Component versions are extracted from the Kapitan inventory using Kapitan’s `inventory_reclass` method.

#### Directory structure

The current implementation of the engine produces and manages the following directories:

• `compiled` contains the Kapitan output

• `catalog` is a checkout of the catalog repository which is updated from the contents of `compiled/cluster`

• `dependencies` contains all the dependencies downloaded by the engine (component repositories, template libraries, …​)

• `dependencies/libs/<libname>` contains downloaded template library repositories

• `dependencies/<component-name>` is the checked out component repository for component "component-name"

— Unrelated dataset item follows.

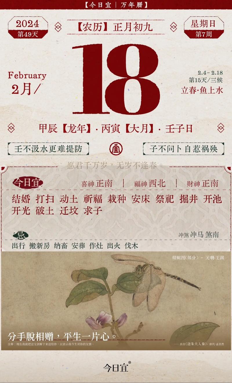 2024年2月18日的日子吉兇可以從黃歷、星象、生肖和星座等多個(gè)角度進(jìn)行分析。以下是對(duì)這一天的詳細(xì)分析。
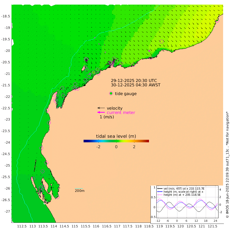 6cm/s 41T +12cm/s rms + 5cm/s -173T. NWSBAR 206m 1cm/s 67T +22cm/s rms + 10cm/s -148T. TAN100 109m 9cm/s 104T +11cm/s rms + 8cm/s -129T. PIL200 208m 11cm/s 129T +13cm/s rms + 7cm/s -137T. PIL100 105m 12cm/s 133T +12cm/s rms + 2cm/s -92T. PIL050 55m 1cm/s 64T +18cm/s rms + 4cm/s -149T. NRSNIN 61m 5cm/s 128T +6cm/s rms + 3cm/s 112T. NW Shelf M6 65m -21cm Withnell Point -30cm Denham -28cm Shark Bay (Inr Bn) -26cm Shark Bay -29cm Useless Loop 0cm Hamelin Pool -13cm Carnarvon -6cm Cape Cuvier -5cm Coral Bay -3cm Norwegian Bay 5cm Badjirrajirra -2cm Tantabiddi 0cm Point Murat 2cm Exmouth 4cm Learmonth 6cm Y Island 0cm North Muiron Island 4cm Roller 6cm Ashburton North 7cm Onslow (Beadon Creek) 7cm Thevenard Island -17cm Large Island 13cm North Sandy Island 14cm Barrow Island (Wapet Landing) 11cm Barrow Island (Tanker Mooring) 32cm Withnell Bay 6cm Trimouille Island 8cm North West Island -9cm Fortescue Road 26cm Steamboat Island 42cm Sholl Island 30cm Fairway Beacon 33cm Mawby Island 31cm Dampier (King Bay) 32cm Cape Legendre 33cm Hauy Island 40cm Port Walcott (Cape Lambert) 27cm Depuch Island 56cm Port Hedland 67cm Bedout Island 9cm Lagrange Bay

• `dependencies/lib` contains symlinks to the template libraries

• `inventory` contains the collated Kapitan inventory. Configuration repositories are directly cloned into inventory

• `inventory/targets/cluster.yml` contains the Kapitan target definition (generated by Commodore)

• `inventory/classes/global` contains globally managed configuration classes

• `inventory/classes/<customer-name>` contains customer-specific configuration classes

#### Constraints

• Currently, a Commodore component can define only one Kapitan class

### Risks and Mitigations

• RISK: The current architecture is built around generating an inventory and classes to use with Kapitan. Thus we’ve a hard dependency on Kapitan in the current design iteration.

• MITIGATIONS:

• Kapitan is written in Python, and currently under active development. If worst comes to worst, we potentially could keep a Kapitan fork alive.

• It would be entirely possible to replace Kapitan with another tool (either 3rd party or developed in the context of SYN) which does the inventory resolution and template rendering.

## Drawbacks

• Templates for the output of a Kapitan component (K8s YAMLs for SYN) are mainly written in Jsonnet. Kapitan is developing an alternative called Kadet which is based on YAML. Having the component templates in YAML would potentially make more sense as we’re more familiar with writing YAML than JSON.

## Alternatives

• It would be possible to put much more of the inventory value lookup magic behind an API (Lieutenant or otherwise), f.e. with hiera. With hiera, this approach would use the same Hieradata structure as we’ve in VMSFv1, with all its advantages and drawbacks.

• Early experimental versions of the engine tried different approaches in regard to how the inventory and components are organized:

• The first experimental version of the engine collected four Git repositories which define classes (one each for "global," "cluster," "customer," and "components") and put them into predefined spots in the Kapitan inventory. This implementation used the SYNventory API to determine which source repository to clone for each of the four categories. Each of the source repositories would define non-specific classes (for example "cluster.distribution"), which allowed for writing non-specific Kapitan targets. This was deemed "too magic," as it has too much configuration magic stored in the SYNventory API.

• The second experimental version of the engine collected a number of Git repositories which define classes that are specific for a particular configuration (for example "cluster.rancher") and kept the "components" repository which contained Kapitan classes for each component. The generation of the Kapitan target was outsourced to the SYNventory API. The API then would provide the engine with a customized target which contains the exact classes that are required for a customer’s configuration. This version briefly also contained customer-specific configuration in the target itself.

• The current design of the engine closely resembles the second experimental version, as the target specification is retrieved from the Lieutenant API in addition to some information about the cluster’s project and stage. The big change from the second experimental version is that the different Kapitan components are now all managed in self-contained repositories, the contents of which are strategically inserted in the right places in the Kapitan directory structure. This makes the overall workflow simpler, as updating a component happens within a single repository.